(Items from a dataset)

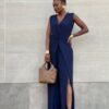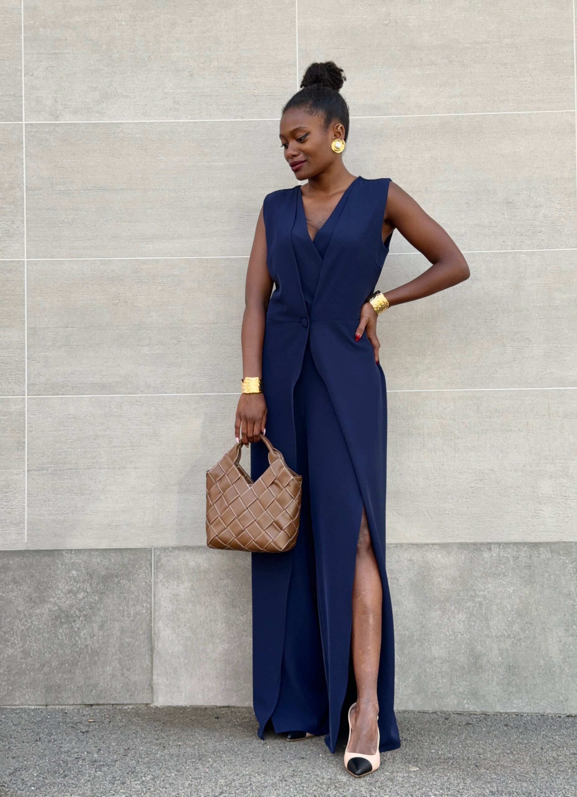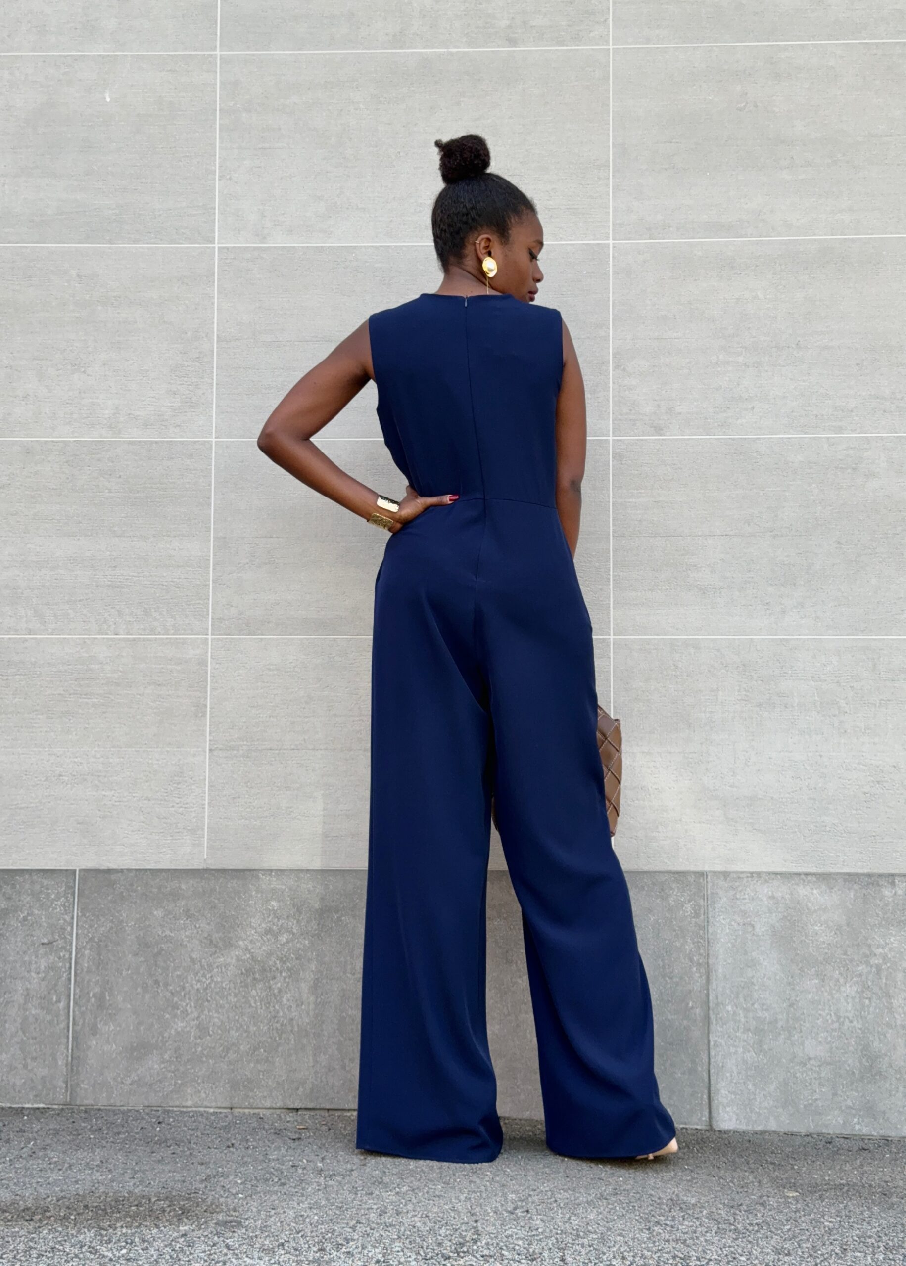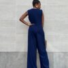Tuta lunga con scollo a V con dettaglio di bottone di chiusura centrale a palazzo a tinta unita. TESSUTO ELASTICIZZATO
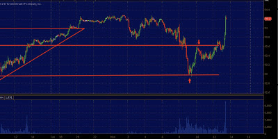 Notice what happend today, 93 traded then a few stops a few pennies below 93 were triggered then a 60c bounce into Friday afternoon right shoulder of the inverse H&S. The arrows show the pivot.
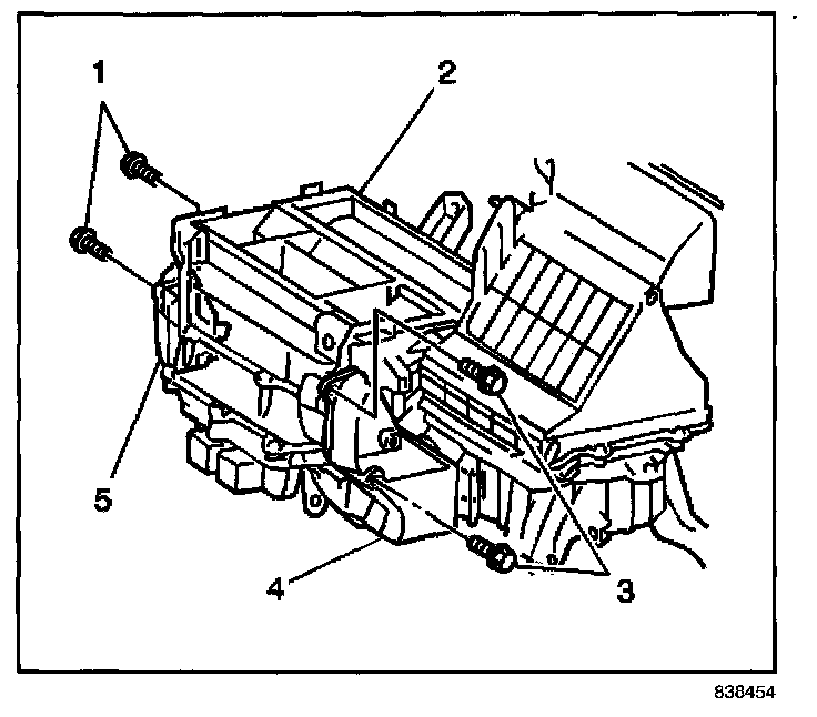 5. Remove the outlet duct (4) from the HVAC module (2).
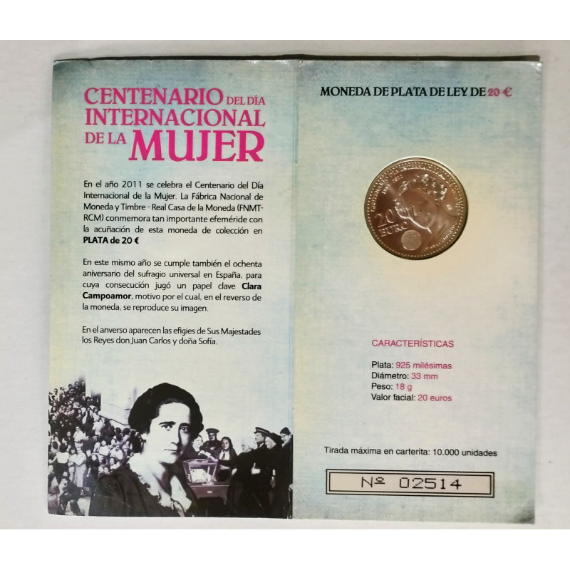 CARTERA NUMERADA DE LA MONEDA DE 20 EUROS DE ESPAÑA CLARA CAMPOAMOR,EN ESTUCHE OFICILAL DE LA FNMT 2011
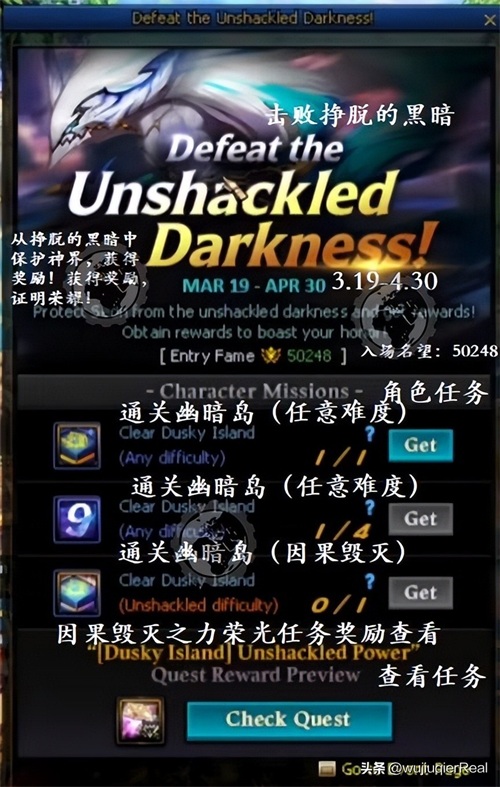 参考国服同名活动。完成幽暗岛相关的活动任务即可领取奖励。
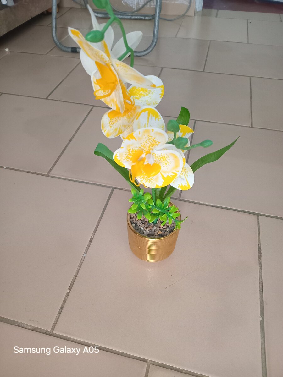 Ajoutez une touche élégante à votre intérieur avec cette magnifique orchidée artificielle en pot doré. Idéale pour décorer le salon, la cuisine ou le bureau sans entretien.
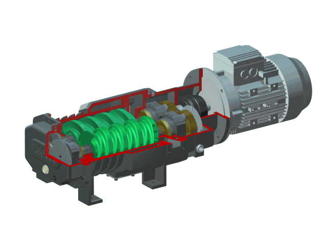 螺桿空壓機(jī)壓縮空氣是靠裝置于機(jī)殼內(nèi)互相平行嚙合的陰陽(yáng)轉(zhuǎn)子的齒槽之容積變化而達(dá)到壓縮空氣的目的。(如下圖)
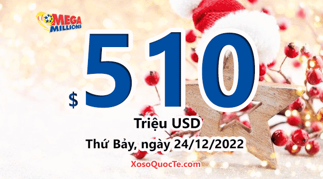 Jackpot của Mega Millions lên mốc $510 triệu đô-la. Phiên quay thưởng sắp tới của Mega Millions sẽ diễn ra vào Thứ Bảy, ngày 24/12/2022 (giờ Việt Nam) tới đây.
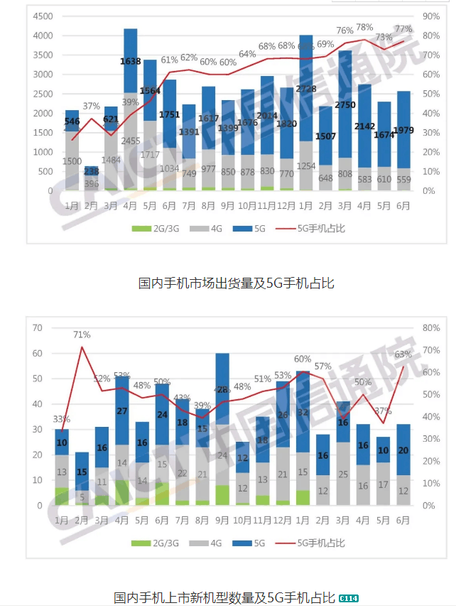 2021年6月,國(guó)內(nèi)市場(chǎng)手機(jī)出貨量2566.4萬(wàn)部,同比下降10.4%,環(huán)比增長(zhǎng)11.7%,其中5G手機(jī)1979.1萬(wàn)部,同比增長(zhǎng)13.0%,環(huán)比增長(zhǎng)18.2%,占同期手機(jī)出貨量的77.1%。
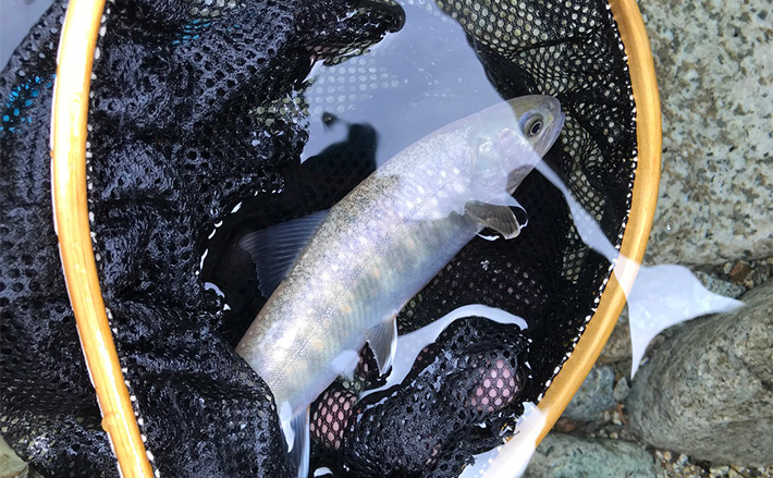とりあえずルアーエリアに入り活性をチェックしてみる。やはり日中は厳しいが、0.4~0.6gのマイクロスプーンを駆使するとポツリポツリと地の魚は釣ることができた。放流まではルアーで狙い小休止。さてテンカラ釣りにチャレンジしてみることとしよう。
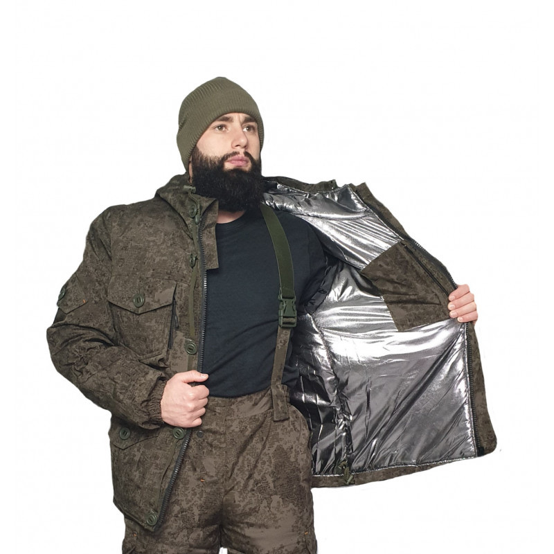 Дополнительным слоем утеплителя является ФЛИСОВЫЙ подклад (антипиллинговый флис), который сохраняет тепло и выводит излишки влаги.Отдельное внимание стоит уделить комбинезону костюма, который, благодаря флисовому расширителю, подойдёт даже к нестандартной фигуре. Комбинезон оснащён молнией с двойными замками. Внизу штанин также предусмотренны расширения на молнии для высоких сапог.Особенности:
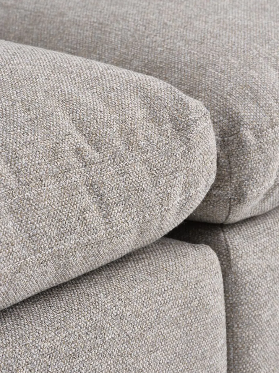 Canapé modulable comprenant 4 modules pouvant être assemblés en fonction de votre espace : 1 module central (l98 x H81 x P98 cm), 2 modules d’angle (l98 x H81 x P98 cm) et 1 module méridienne/pouf (l98 x H45 x P98 cm). En contreplaqué. Garnissage : mousse polyuréthane. Revêtement : polyester. Pieds : polypropylène.

> [WORK TO COMPLETE]:
Copy out the data verbatim, with no pictures.

> [ANSWER SECTION]:
Tuta lunga con scollo a V con dettaglio di bottone di chiusura centrale a palazzo a tinta unita. TESSUTO ELASTICIZZATO
 Notice what happend today, 93 traded then a few stops a few pennies below 93 were triggered then a 60c bounce into Friday afternoon right shoulder of the inverse H&S. The arrows show the pivot.
 5. Remove the outlet duct (4) from the HVAC module (2).
 CARTERA NUMERADA DE LA MONEDA DE 20 EUROS DE ESPAÑA CLARA CAMPOAMOR,EN ESTUCHE OFICILAL DE LA FNMT 2011
 参考国服同名活动。完成幽暗岛相关的活动任务即可领取奖励。
 Ajoutez une touche élégante à votre intérieur avec cette magnifique orchidée artificielle en pot doré. Idéale pour décorer le salon, la cuisine ou le bureau sans entretien.
 螺桿空壓機(jī)壓縮空氣是靠裝置于機(jī)殼內(nèi)互相平行嚙合的陰陽(yáng)轉(zhuǎn)子的齒槽之容積變化而達(dá)到壓縮空氣的目的。(如下圖)
 Jackpot của Mega Millions lên mốc $510 triệu đô-la. Phiên quay thưởng sắp tới của Mega Millions sẽ diễn ra vào Thứ Bảy, ngày 24/12/2022 (giờ Việt Nam) tới đây.
 2021年6月,國(guó)內(nèi)市場(chǎng)手機(jī)出貨量2566.4萬(wàn)部,同比下降10.4%,環(huán)比增長(zhǎng)11.7%,其中5G手機(jī)1979.1萬(wàn)部,同比增長(zhǎng)13.0%,環(huán)比增長(zhǎng)18.2%,占同期手機(jī)出貨量的77.1%。
とりあえずルアーエリアに入り活性をチェックしてみる。やはり日中は厳しいが、0.4~0.6gのマイクロスプーンを駆使するとポツリポツリと地の魚は釣ることができた。放流まではルアーで狙い小休止。さてテンカラ釣りにチャレンジしてみることとしよう。
 Дополнительным слоем утеплителя является ФЛИСОВЫЙ подклад (антипиллинговый флис), который сохраняет тепло и выводит излишки влаги.Отдельное внимание стоит уделить комбинезону костюма, который, благодаря флисовому расширителю, подойдёт даже к нестандартной фигуре. Комбинезон оснащён молнией с двойными замками. Внизу штанин также предусмотренны расширения на молнии для высоких сапог.Особенности:
 Canapé modulable comprenant 4 modules pouvant être assemblés en fonction de votre espace : 1 module central (l98 x H81 x P98 cm), 2 modules d’angle (l98 x H81 x P98 cm) et 1 module méridienne/pouf (l98 x H45 x P98 cm). En contreplaqué. Garnissage : mousse polyuréthane. Revêtement : polyester. Pieds : polypropylène.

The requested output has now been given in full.